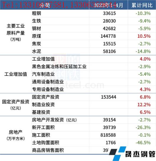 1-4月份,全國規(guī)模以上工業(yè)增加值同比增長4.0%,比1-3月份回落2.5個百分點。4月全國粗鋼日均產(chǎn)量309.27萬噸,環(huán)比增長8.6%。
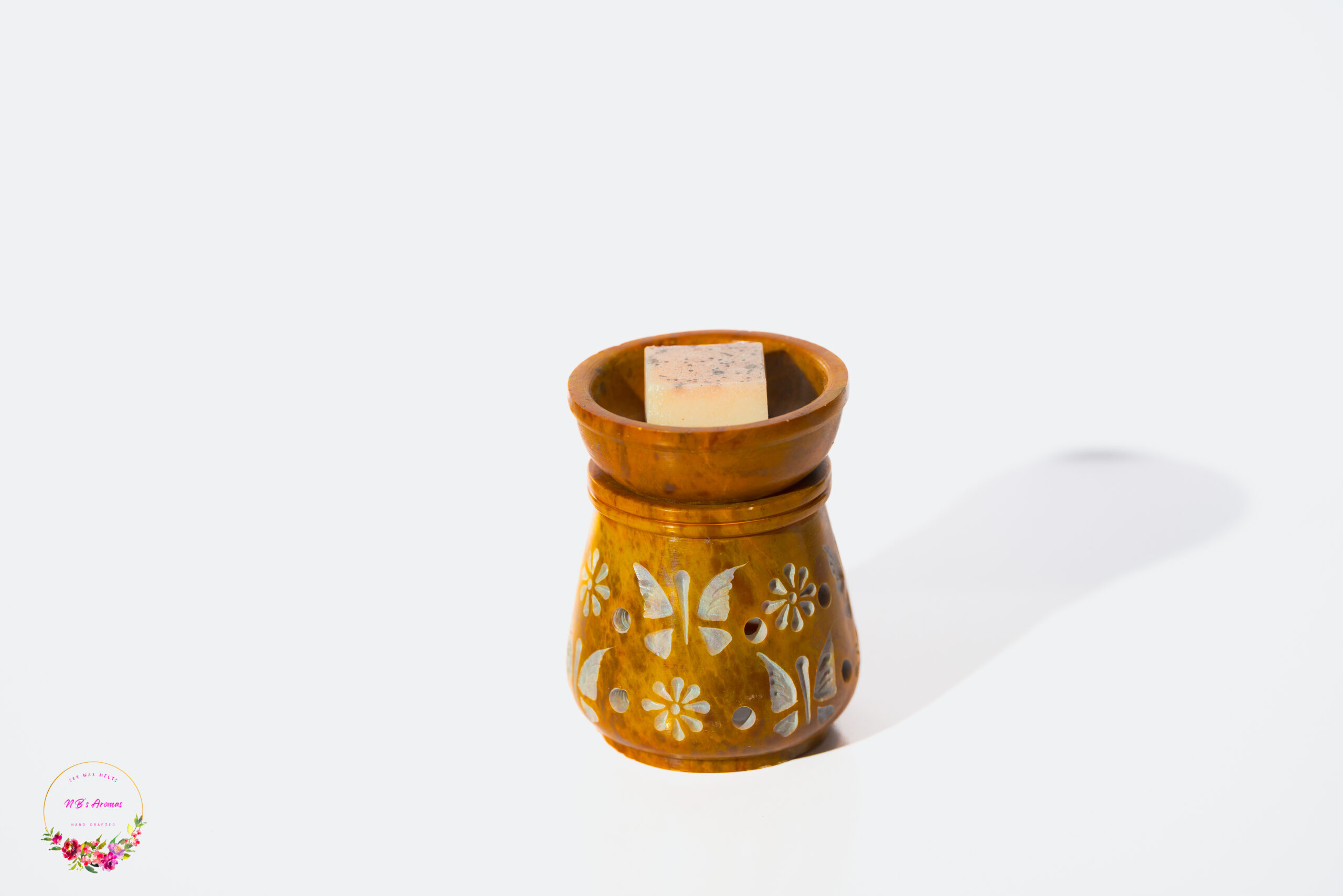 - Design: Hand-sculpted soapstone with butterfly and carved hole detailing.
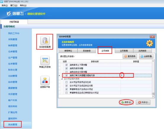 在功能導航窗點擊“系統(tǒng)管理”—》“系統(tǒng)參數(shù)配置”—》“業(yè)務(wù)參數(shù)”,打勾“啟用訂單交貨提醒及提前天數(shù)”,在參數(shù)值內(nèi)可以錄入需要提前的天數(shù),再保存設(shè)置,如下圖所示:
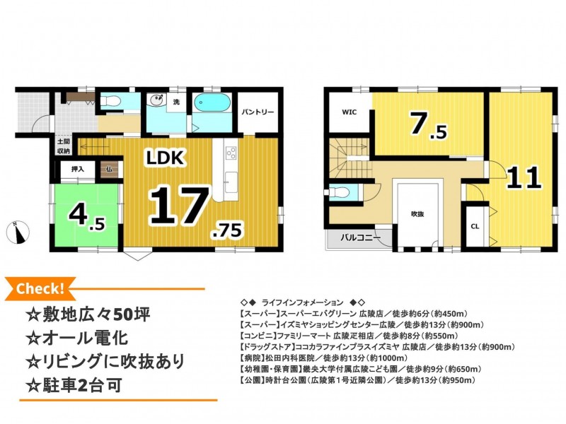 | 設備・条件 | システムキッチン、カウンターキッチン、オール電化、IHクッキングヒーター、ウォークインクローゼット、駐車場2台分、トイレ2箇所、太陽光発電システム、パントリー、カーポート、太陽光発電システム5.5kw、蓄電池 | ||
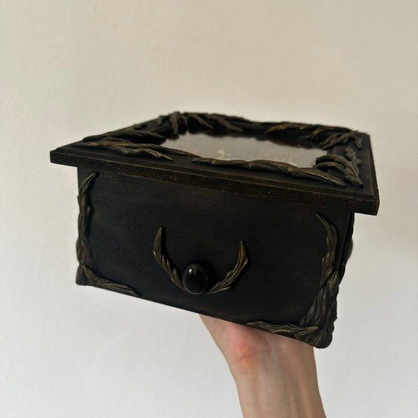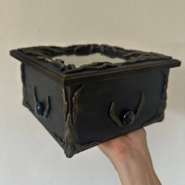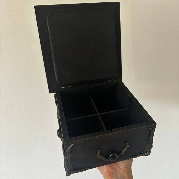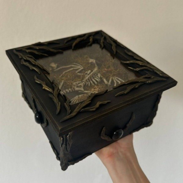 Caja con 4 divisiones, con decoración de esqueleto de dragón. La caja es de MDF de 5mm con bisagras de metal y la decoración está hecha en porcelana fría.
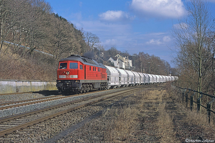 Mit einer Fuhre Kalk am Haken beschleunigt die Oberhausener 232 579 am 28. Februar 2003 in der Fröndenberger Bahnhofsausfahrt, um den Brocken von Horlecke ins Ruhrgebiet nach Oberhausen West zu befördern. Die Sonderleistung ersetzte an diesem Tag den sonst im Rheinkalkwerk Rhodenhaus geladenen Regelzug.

══════════════════════════════

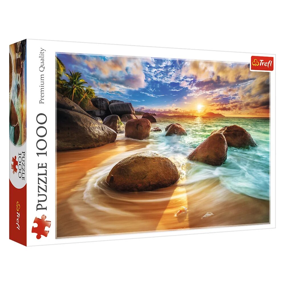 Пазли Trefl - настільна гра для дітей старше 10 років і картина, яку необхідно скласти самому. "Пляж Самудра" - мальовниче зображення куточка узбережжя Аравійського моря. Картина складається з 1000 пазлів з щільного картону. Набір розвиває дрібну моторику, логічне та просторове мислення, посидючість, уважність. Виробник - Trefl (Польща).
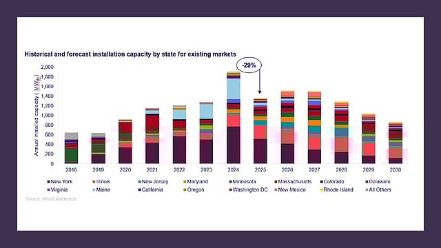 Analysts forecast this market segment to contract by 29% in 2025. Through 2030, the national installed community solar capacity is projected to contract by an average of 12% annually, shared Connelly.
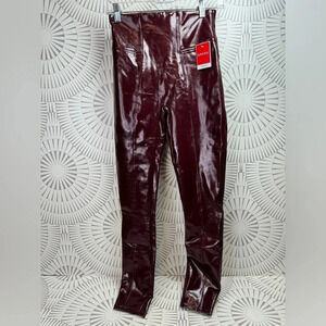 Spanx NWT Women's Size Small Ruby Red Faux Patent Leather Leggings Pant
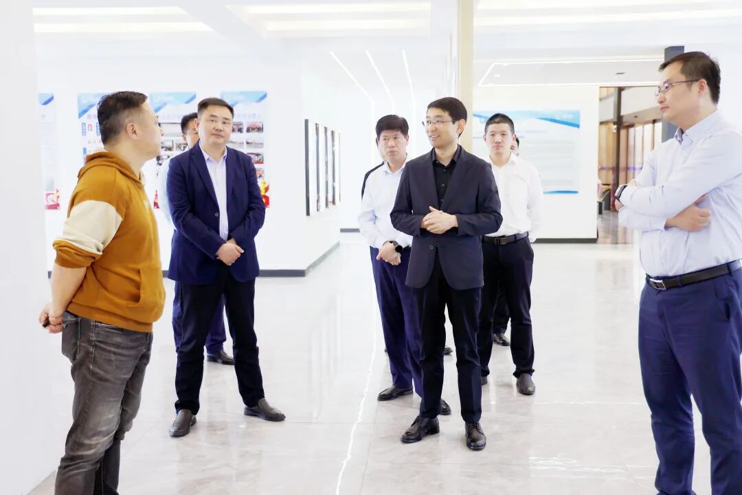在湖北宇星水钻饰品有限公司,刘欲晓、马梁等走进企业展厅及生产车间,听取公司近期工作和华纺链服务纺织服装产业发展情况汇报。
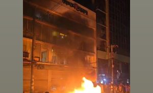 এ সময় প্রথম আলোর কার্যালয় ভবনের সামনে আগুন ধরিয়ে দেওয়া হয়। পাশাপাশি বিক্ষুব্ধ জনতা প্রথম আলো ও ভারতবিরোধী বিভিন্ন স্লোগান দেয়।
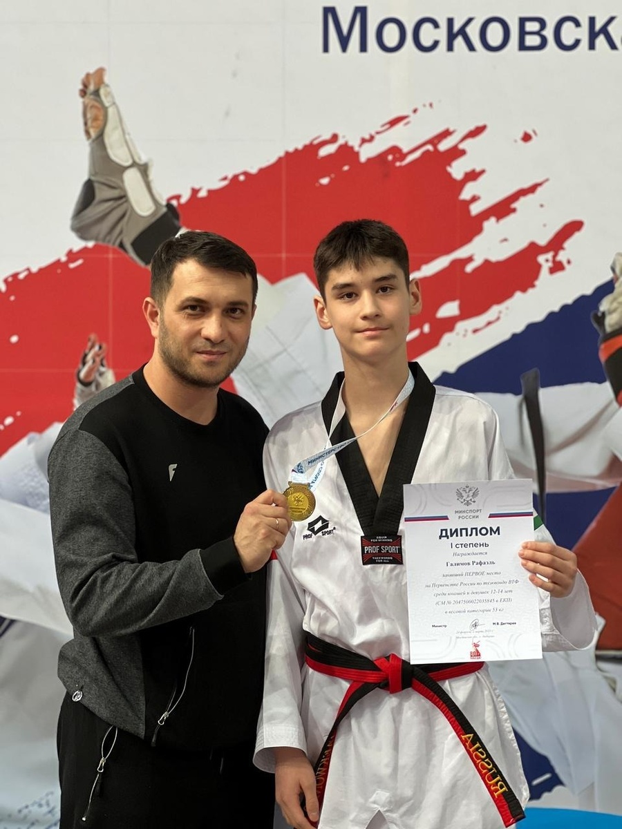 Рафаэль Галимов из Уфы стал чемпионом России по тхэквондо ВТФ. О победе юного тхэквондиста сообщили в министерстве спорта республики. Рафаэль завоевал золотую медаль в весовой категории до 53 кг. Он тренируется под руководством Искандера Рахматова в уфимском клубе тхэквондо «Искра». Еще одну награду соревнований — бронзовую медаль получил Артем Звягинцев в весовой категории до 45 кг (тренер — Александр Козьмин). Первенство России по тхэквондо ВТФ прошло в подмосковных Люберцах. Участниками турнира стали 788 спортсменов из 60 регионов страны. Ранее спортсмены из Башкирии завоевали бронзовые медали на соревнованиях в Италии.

══════════════════════════════

About this task: Having found the line with "Analysts forecast this" and the line with "Spanx NWT Women's" in the material above, write out exactly those two and every line between, leaving the pictures out.

Solution to the exercise:
 Analysts forecast this market segment to contract by 29% in 2025. Through 2030, the national installed community solar capacity is projected to contract by an average of 12% annually, shared Connelly.
 Spanx NWT Women's Size Small Ruby Red Faux Patent Leather Leggings Pant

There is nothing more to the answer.